* What the task requires: Would you transcribe the entries below, beginning at the line with "DE30 a câștigat" and ending after the line with "The Rock is", exactly, with no picture and nothing more?

* Task material:

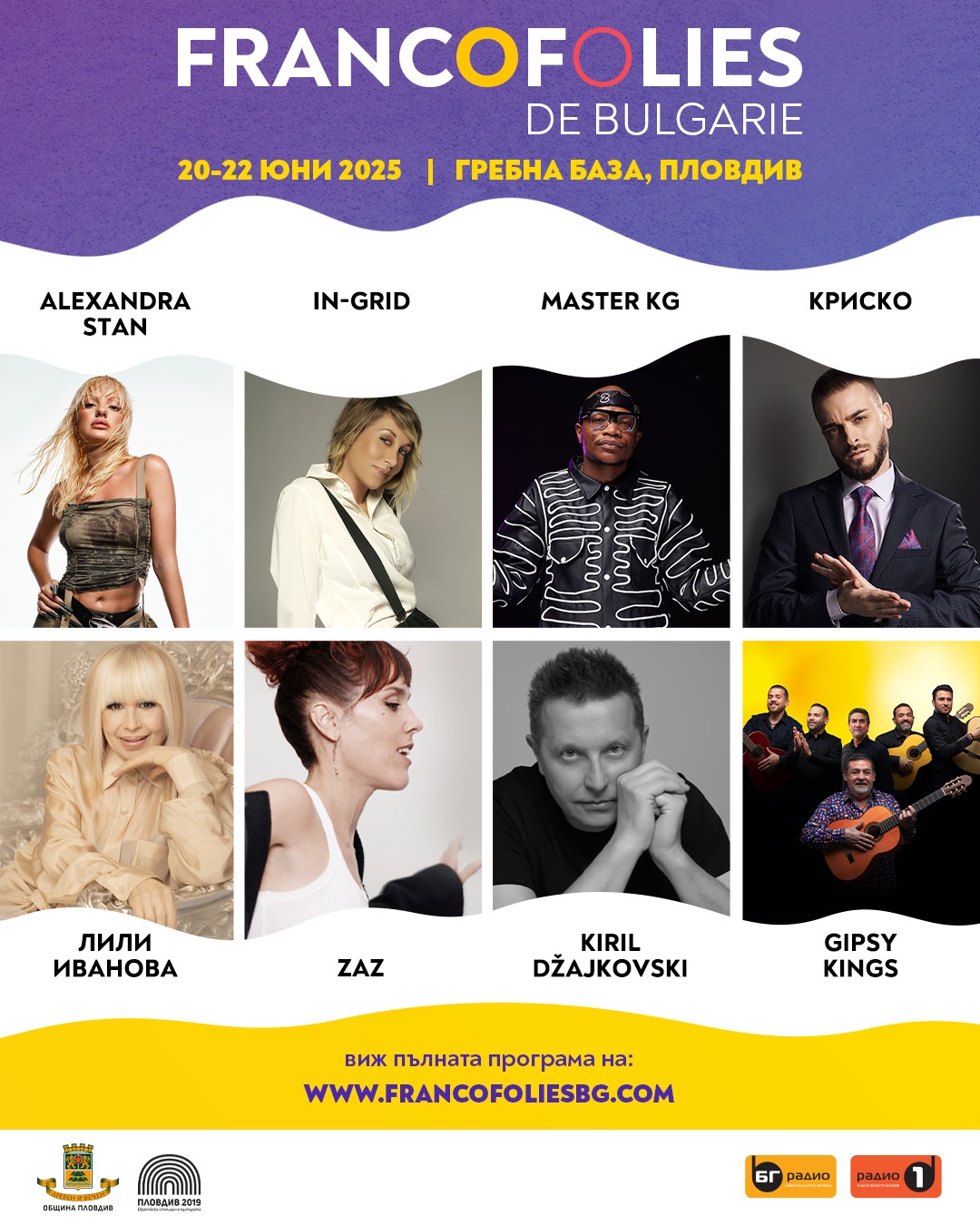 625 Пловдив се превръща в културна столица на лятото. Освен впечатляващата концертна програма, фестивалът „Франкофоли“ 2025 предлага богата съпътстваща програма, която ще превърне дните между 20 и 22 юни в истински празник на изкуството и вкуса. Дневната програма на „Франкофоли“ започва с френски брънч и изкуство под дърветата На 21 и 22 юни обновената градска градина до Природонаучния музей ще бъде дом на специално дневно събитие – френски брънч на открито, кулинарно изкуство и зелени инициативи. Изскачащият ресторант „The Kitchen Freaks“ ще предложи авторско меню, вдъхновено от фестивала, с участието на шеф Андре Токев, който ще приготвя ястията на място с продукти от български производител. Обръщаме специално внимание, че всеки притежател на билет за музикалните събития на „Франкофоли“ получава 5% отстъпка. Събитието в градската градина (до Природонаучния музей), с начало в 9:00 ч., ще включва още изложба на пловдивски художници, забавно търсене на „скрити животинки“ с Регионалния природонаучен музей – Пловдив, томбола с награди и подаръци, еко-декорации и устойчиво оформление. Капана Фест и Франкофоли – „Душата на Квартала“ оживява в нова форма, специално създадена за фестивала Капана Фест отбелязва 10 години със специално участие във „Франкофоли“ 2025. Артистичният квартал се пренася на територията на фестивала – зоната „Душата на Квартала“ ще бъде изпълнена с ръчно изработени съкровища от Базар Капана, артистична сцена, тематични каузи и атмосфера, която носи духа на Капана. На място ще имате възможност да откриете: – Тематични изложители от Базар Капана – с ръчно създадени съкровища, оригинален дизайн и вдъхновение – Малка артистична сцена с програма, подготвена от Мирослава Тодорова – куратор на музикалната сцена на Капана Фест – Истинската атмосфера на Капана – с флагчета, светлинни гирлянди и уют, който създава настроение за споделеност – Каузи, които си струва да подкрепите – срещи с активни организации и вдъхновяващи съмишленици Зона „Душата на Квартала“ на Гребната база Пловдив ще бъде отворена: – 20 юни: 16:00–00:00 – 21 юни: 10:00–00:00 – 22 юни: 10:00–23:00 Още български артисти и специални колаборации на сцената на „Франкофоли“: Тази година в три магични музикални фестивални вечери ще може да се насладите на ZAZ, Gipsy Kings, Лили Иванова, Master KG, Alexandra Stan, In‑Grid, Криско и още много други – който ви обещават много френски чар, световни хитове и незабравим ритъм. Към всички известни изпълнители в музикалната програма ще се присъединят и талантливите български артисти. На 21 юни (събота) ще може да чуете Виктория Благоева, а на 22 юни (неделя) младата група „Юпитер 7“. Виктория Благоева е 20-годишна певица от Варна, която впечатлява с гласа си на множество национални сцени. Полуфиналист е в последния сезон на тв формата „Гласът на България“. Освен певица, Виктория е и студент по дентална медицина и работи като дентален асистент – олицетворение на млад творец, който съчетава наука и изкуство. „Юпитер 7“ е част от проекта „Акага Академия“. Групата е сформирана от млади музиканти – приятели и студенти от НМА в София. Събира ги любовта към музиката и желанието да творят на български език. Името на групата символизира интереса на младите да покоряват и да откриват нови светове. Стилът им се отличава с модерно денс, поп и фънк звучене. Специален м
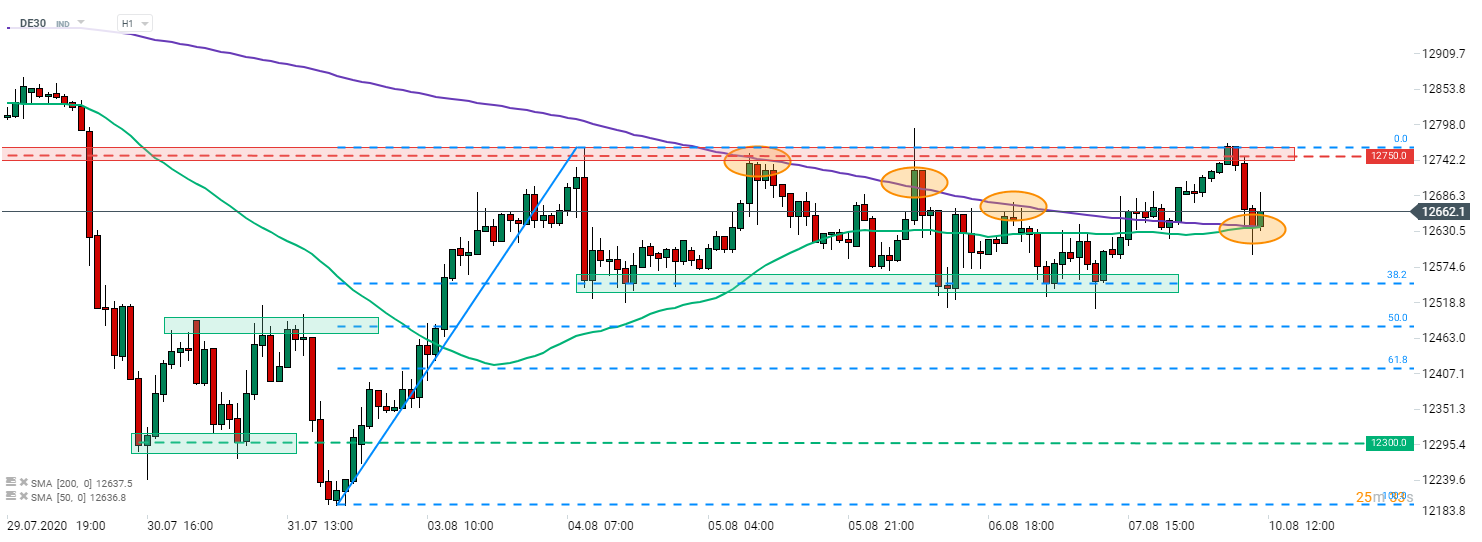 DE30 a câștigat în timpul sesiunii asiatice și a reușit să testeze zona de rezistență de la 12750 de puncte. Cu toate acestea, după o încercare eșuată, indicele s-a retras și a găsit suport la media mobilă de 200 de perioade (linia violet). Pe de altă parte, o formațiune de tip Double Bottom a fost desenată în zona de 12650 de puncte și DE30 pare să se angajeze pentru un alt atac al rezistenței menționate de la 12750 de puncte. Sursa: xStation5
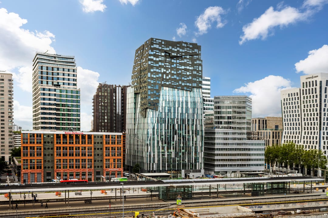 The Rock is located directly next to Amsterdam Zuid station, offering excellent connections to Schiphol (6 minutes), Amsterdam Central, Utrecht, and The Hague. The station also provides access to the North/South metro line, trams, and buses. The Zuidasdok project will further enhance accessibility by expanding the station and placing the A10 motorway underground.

==

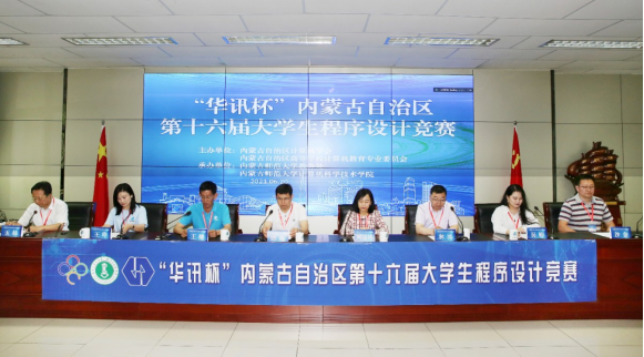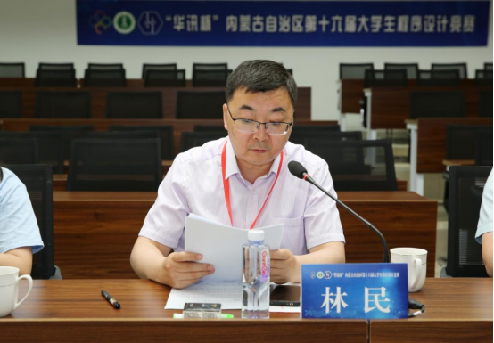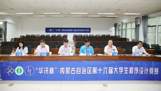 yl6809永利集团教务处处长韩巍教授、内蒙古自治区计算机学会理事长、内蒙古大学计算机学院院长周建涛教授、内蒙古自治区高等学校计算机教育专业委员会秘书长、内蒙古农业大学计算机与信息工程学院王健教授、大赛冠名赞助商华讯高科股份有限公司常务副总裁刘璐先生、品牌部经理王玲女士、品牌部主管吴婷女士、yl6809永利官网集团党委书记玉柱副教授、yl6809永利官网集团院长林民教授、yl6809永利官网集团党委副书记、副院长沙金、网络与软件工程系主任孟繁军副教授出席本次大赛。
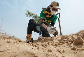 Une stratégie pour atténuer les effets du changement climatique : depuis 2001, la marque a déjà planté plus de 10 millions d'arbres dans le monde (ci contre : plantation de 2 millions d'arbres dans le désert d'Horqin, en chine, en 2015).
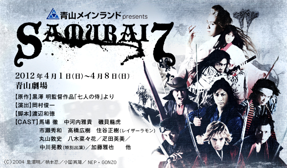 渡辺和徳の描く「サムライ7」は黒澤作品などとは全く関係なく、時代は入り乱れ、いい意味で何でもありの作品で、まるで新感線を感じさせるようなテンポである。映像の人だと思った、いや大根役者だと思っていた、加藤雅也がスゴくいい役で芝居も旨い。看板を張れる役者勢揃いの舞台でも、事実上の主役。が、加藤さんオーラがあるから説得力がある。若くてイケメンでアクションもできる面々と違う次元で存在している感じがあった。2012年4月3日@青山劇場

* Output:
 DE30 a câștigat în timpul sesiunii asiatice și a reușit să testeze zona de rezistență de la 12750 de puncte. Cu toate acestea, după o încercare eșuată, indicele s-a retras și a găsit suport la media mobilă de 200 de perioade (linia violet). Pe de altă parte, o formațiune de tip Double Bottom a fost desenată în zona de 12650 de puncte și DE30 pare să se angajeze pentru un alt atac al rezistenței menționate de la 12750 de puncte. Sursa: xStation5
 The Rock is located directly next to Amsterdam Zuid station, offering excellent connections to Schiphol (6 minutes), Amsterdam Central, Utrecht, and The Hague. The station also provides access to the North/South metro line, trams, and buses. The Zuidasdok project will further enhance accessibility by expanding the station and placing the A10 motorway underground.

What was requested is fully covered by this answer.